You sound seriously immature. He sounds even worse. Can't believe he nets that much and blows it all on shit. I wouldn't even date a guy like that, much less one who parks up at mine for free and then haggles for keep. Fuck that.

ffswhatnext · 02/03/2020 15:33

Of course he needs to pay the sister something.
The op at the moment is exempt because of the works.
Nephew family discount
Bf erm....

It seems you are guessing the bills. It’s amazing how quickly they mount up, never mind with another person moving in.

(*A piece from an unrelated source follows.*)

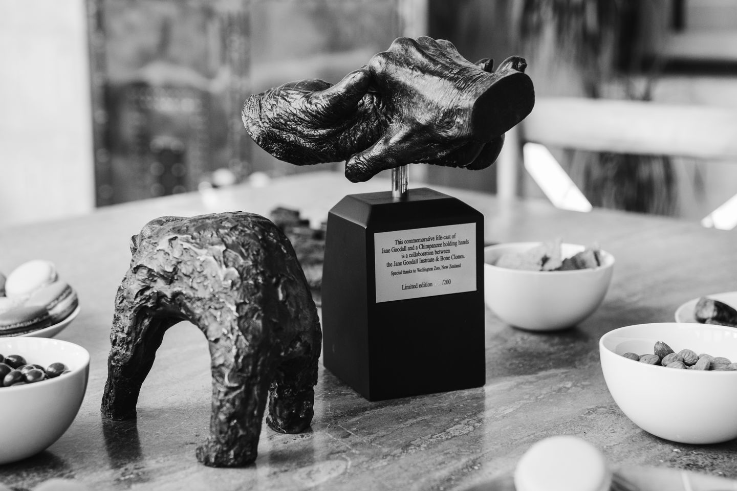 Last year our friend Gino Acevedo, who is a creative art director and visual effects artist best known for his work on the Lord of the Rings films, approached us with a proposal: would we be interested in producing a life-cast statue of Jane Goodall and a chimpanzee - specifically, her hand holding a chimpanzee's hand - to help raise money for her foundation?

Make sure you are including - gas, electric, water, landline, council tax, insurances, internet, subscription services etc. Then add some on top to cover things like the heating breaking again, with a caveat that next time the bill will be split. He’s benefitting from the use. Same with large kitchen items.
Any extras he pays for fully. So sports add on, that’s on him.

Same with food and drink. Any extras he wants he pays. It’s one of the ways freeloaders get you. The little extras that end up costing you ££ every month.

Even 300 a month for everything he’s getting a bargain. Lots of areas he’s be lucky to get a room for that never mind food.

Also ensure he knows house finances will be reviewed regularly. And make sure you keep check of everything. You might find your food bills doubles at least.